她差点说“我们不是在谈恋爱吗”,话到嘴边,忽然觉得太直。
周启明看着她。
“你想说什么?”
知微别开眼。
“没什么。”
唐小雨看了看两个人,没有插话。
空气短暂地沉下来。
这顿饭后来吃得并不坏。
可知微第一次意识到,周启明身上也有一扇门。
平时开着。
可有些时候,他会关起来。
---
吃完饭以后,唐小雨先走。
知微和周启明沿着校园慢慢走。
樱花落了一地。
知微踩着花瓣。
“你爸到底怎么了?”
“就是项目出了点问题。”
“会亏很多吗?”
“可能。”
“那你担心什么?”
周启明看她。
“亏很多还不够担心?”
“我的意思是,你家又不是只有这一个项目。”
话一出口,周启明没说话。
知微很快意识到自己说错了。
“我不是那个意思。”
“我知道。”
“你生气了?”
“没有。”
“那你为什么不说话?”
周启明停下脚步。
“知微。”
“嗯?”
“你有时候是不是觉得,有钱的人就不怕失去钱?”
她怔住。
“我没这么想。”
“你刚才就是这么说的。”
“我只是觉得你家应该扛得住。”
“扛得住和不怕,是两回事。”
知微皱眉。
“你今天怎么这么敏感?”
周启明笑了一下。
“也许吧。”
他继续往前走。
知微站在原地两秒,追上去。
“对不起。”
周启明看她。
“你说什么?”
“我说对不起。

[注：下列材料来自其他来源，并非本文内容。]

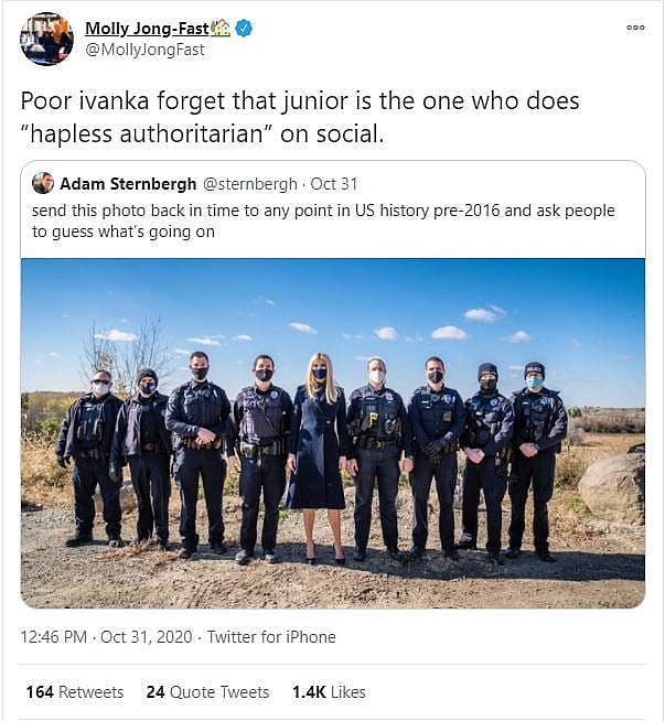 Daily Beast editor Molly Jong-Fast first shared the photo commenting, “Poor ivanka forget that junior is the one who ‘hapless authoritarian’ on social.”

”
“我听见了。”
“那你还问?”
“因为你很少说。”
知微瞪他。
“你是不是想吵架?”
“没有。”
“那你笑什么?”
“觉得挺难得。”
知微被他说得又气又笑。
她伸手推他一下。
周启明却突然握住她的手。
“我没有生你气。”
他说。
“那你刚才摆什么脸?”
“我只是最近有点烦。”
“因为你爸?”
“嗯。”
“那你可以跟我说。”
周启明看着她。
过了一会儿,才道:
“有些事说了也没用。”
知微很不喜欢这句话。
“你怎么知道没用?”
“因为你帮不了。”
那一瞬间,她心里被什么刺了一下。
不是因为他说她没能力。
而是因为她突然发现,在周启明心里,有些事情是不准备让她参与的。
十八岁的恋爱最容易犯一个错误:
以为亲密就意味着没有边界。
知微那时当然不懂。
她只觉得委屈。
“那以后我的事也不告诉你。”
“你看,又来了。”
“什么又来了?”
“你一不高兴就要把事情变成比赛。”
“谁跟你比赛?”
“你。”
“我没有。”
“你现在就在。”
知微甩开他的手。
“那你去找一个不比赛的。”
说完就往前走。
周启明没有立刻追。
她走了十几步,心里越来越气。
又越来越后悔。
为什么不追?
为什么还不追?
等她走到路口,终于听见身后脚步。
周启明走过来。
“好了。”
“什么好了?”
“我错了。”
“你错哪儿了?”
“你看,这题开始难了。”
知微没忍住,笑了一下。
笑完又赶紧绷住脸。
周启明伸手把她转过来。
“真生气?”
“有一点。”
“那我告诉你。”
“什么?”
“我爸的项目可能会亏几百万。”
知微愣住。
几百万。
她当然知道这不是小数目。
但她的第一反应竟然还是:
“人民币?”
周启明看了她一眼。
然后笑了。
“林知微,你真的很有意思。”
“怎么了?”
“算了。”
“到底人民币还是加币?”
“人民币。”
“哦。”
她松了一口气。
周启明看着她那一瞬间的表情,忽然不说话。
知微很快又意识到不对。
“我是不是又说错了?”
“没有。”
“你明明就有。”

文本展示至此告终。